1.3 Broad classification(s) of statistical approaches

Over the last few years several papers have reviewed the existing literature on statistical methods for mixtures and provide different criteria for their classifications. Among these, some recommended readings are Hamra and Buckley (2018), Stafoggia et al. (2017), Gibson et al. (2019), and Lazarevic et al. (2019). Simple and relevant classification criteria are the following:

  1. Supervised vs unsupervised procedures

This first distinction refers to whether or not the mixture is evaluated by taking into account its association with a given outcome of interest. We will discuss in Section 2 that, before evaluating the effects of our exposures on health outcomes, it is important to carefully assess the features of the mixture, especially when this is composed by a high number of components, investigating its correlations structure and identifying the presence of subgroups or clusters of exposures. To this end, we turn to unsupervised techniques that directly focus on characterizing the complex mixture of exposures without any reference to a given outcome of interest such as principal component analysis. Supervised techniques, on the other hand, attempt to account for the complex nature of exposures while investigating a given mixture-outcome association.

  1. Data reduction vs variable selection techniques.

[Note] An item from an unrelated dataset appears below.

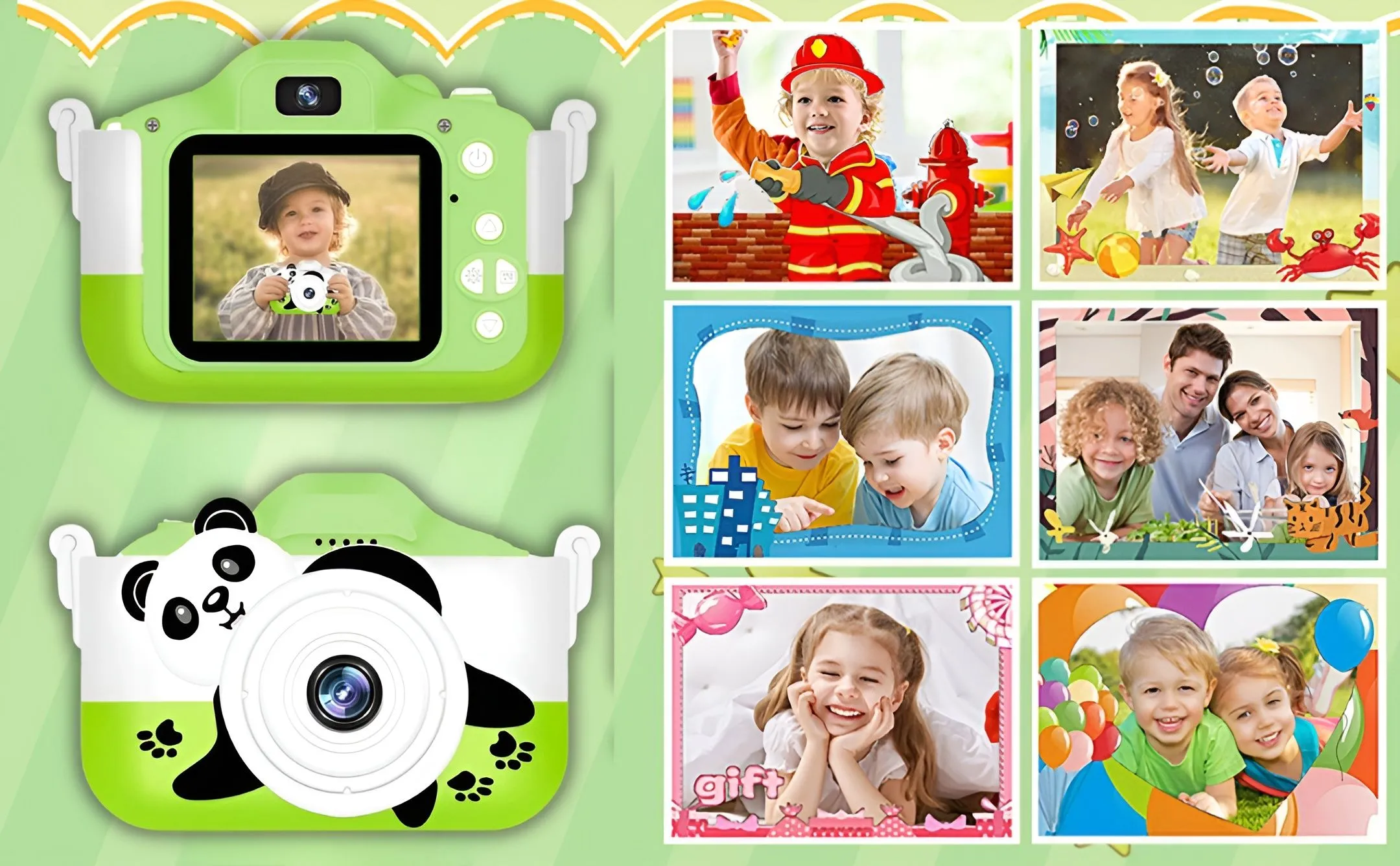 Cyfrowy mini aparat dla dzieci oferuje rozmaite funkcje, takie jak kolorowe filtry do zdjęć i mnóstwo foto ramek. Pociechy mogą z łatwością wybrać tło i ramkę do zdjęcia na aparacie i uwieczniać unikatowe chwile.

The common goal of all approaches that we will discuss is to reduce the complexity of the data to be able to assess mixtures-outcome associations while losing as little information as possible. This is broadly done in two ways: by summarizing the original exposures into fewer covariates, or by selecting targeted elements of the mixture. We can use the term “data reduction approaches” to describe those techniques that reduce the dimension of the mixture by generating new variables (scores, components, indexes ). On the other hand, methodologies that select specific elements of the mixture that are directly evaluated with respect to the outcome can be defined as “variable selection approaches”.

References

Gibson, Elizabeth A, Yanelli Nunez, Ahlam Abuawad, Ami R Zota, Stefano Renzetti, Katrina L Devick, Chris Gennings, Jeff Goldsmith, Brent A Coull, and Marianthi-Anna Kioumourtzoglou. 2019. “An Overview of Methods to Address Distinct Research Questions on Environmental Mixtures: An Application to Persistent Organic Pollutants and Leukocyte Telomere Length.” Environmental Health 18 (1): 1–16.
Hamra, Ghassan B, and Jessie P Buckley. 2018. “Environmental Exposure Mixtures: Questions and Methods to Address Them.” Current Epidemiology Reports 5 (2): 160–65.
Lazarevic, Nina, Adrian G Barnett, Peter D Sly, and Luke D Knibbs. 2019. “Statistical Methodology in Studies of Prenatal Exposure to Mixtures of Endocrine-Disrupting Chemicals: A Review of Existing Approaches and New Alternatives.” Environmental Health Perspectives 127 (2): 026001.
Stafoggia, Massimo, Susanne Breitner, Regina Hampel, and Xavier Basagaña. 2017. “Statistical Approaches to Address Multi-Pollutant Mixtures and Multiple Exposures: The State of the Science.” Current Environmental Health Reports 4 (4): 481–90.